Q3. In Fig. 6.15, \(\displaystyle \angle PQR\,=\,\angle PRQ\), then prove that \(\displaystyle \angle PQS\,=\,\angle PRT\).
Solution :
According to the question,
Given = \(\displaystyle \angle PQR\,=\,\angle PRQ\)
To prove = \(\displaystyle \angle PQS\,=\,\angle PRT\)
Prove = ST is a line
⇒ \(\displaystyle \angle PQS\,+\,\angle PQR\) = 180\(\displaystyle ^{\circ }\) ( Linear line ) ...( 1 ) equation
⇒ \(\displaystyle \angle PRQ\,+\,\angle PRT\) = 180\(\displaystyle ^{\circ }\) ( Linear line ) ...( 2 ) equation
Now, From ( 1 ) equation and ( 2 ) equation
⇒ \(\displaystyle \angle PQS\,+\,\angle PQR\) = \(\displaystyle \angle PRQ\,+\,\angle PRT\)

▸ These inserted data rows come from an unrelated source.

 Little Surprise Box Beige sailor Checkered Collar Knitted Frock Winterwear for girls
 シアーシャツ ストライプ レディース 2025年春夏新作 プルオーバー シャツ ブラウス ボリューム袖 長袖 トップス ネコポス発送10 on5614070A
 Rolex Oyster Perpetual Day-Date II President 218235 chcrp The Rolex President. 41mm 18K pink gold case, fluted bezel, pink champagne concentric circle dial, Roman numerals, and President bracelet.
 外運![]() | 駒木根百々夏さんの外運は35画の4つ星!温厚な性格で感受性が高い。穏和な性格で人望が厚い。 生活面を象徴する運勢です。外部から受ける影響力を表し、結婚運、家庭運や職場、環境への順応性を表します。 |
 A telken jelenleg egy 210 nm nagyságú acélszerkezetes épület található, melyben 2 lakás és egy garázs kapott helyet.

⇒ \(\displaystyle \angle PQS\,+\,\angle PQR\) = \(\displaystyle \angle PQR\,+\,\angle PRT\) ( given )
⇒ \(\displaystyle \angle PQS\,+\,\angle PQR\) - \(\displaystyle \angle PQR\,=\,\angle PRT\)
⇒ \(\displaystyle \angle PQS\,=\,\angle PRT\)
∴ Hence proved .
Q4. In Fig. 6.16, if x + y = w + z, then prove that AOB is a line.
Solution :
According to the question,
Given = x + y = w + z
To prove = AOB is a line
Prove = The sum of all angles = 360\(\displaystyle ^{\circ }\)

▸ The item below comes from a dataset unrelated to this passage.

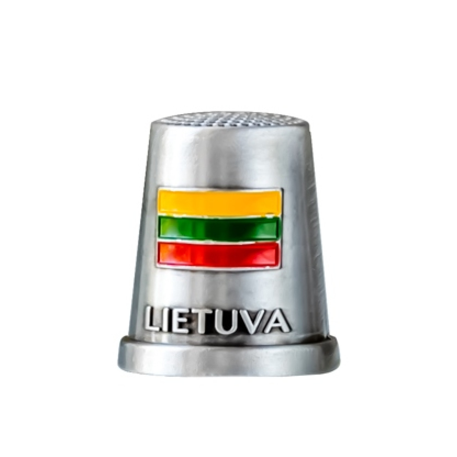 Metal souvenir thimble with Lithuanian flag, Vytis, and Lithuania inscription

⇒ x + y + w + z = 360\(\displaystyle ^{\circ }\)
⇒ ( x + y ) + ( w + z ) = 360\(\displaystyle ^{\circ }\)
⇒ ( x + y ) + ( x + y ) = 360\(\displaystyle ^{\circ }\) ( because, given x + y = w + z )
⇒ 2x + 2y = 360\(\displaystyle ^{\circ }\)
⇒ 2 ( x + y ) = 360\(\displaystyle ^{\circ }\)
⇒ x + y = \(\displaystyle \frac{{{{{360}}^{\circ }}}}{2}\)
⇒ x + y = 180\(\displaystyle ^{\circ }\)
∴ \(\displaystyle \angle AOC\,+\,\angle COB\) are forming linear pair. \(\displaystyle \angle AOB\) is a straight line.
Q5. In Fig. 6.17 , POQ is a line. Ray OR is perpendicular to line PQ. OS is another ray lying between rays OP and OR. Prove that
\(\displaystyle \angle \)ROS = \(\displaystyle \frac{1}{2}\)( \(\displaystyle \angle \)QOS - \(\displaystyle \angle \)POS ).
Solution :
According to the question,
Given = POQ is a line
Ray OR is perpendicular to line PQ
To prove = \(\displaystyle \angle \)ROS = \(\displaystyle \frac{1}{2}\)( \(\displaystyle \angle \)QOS - \(\displaystyle \angle \)POS )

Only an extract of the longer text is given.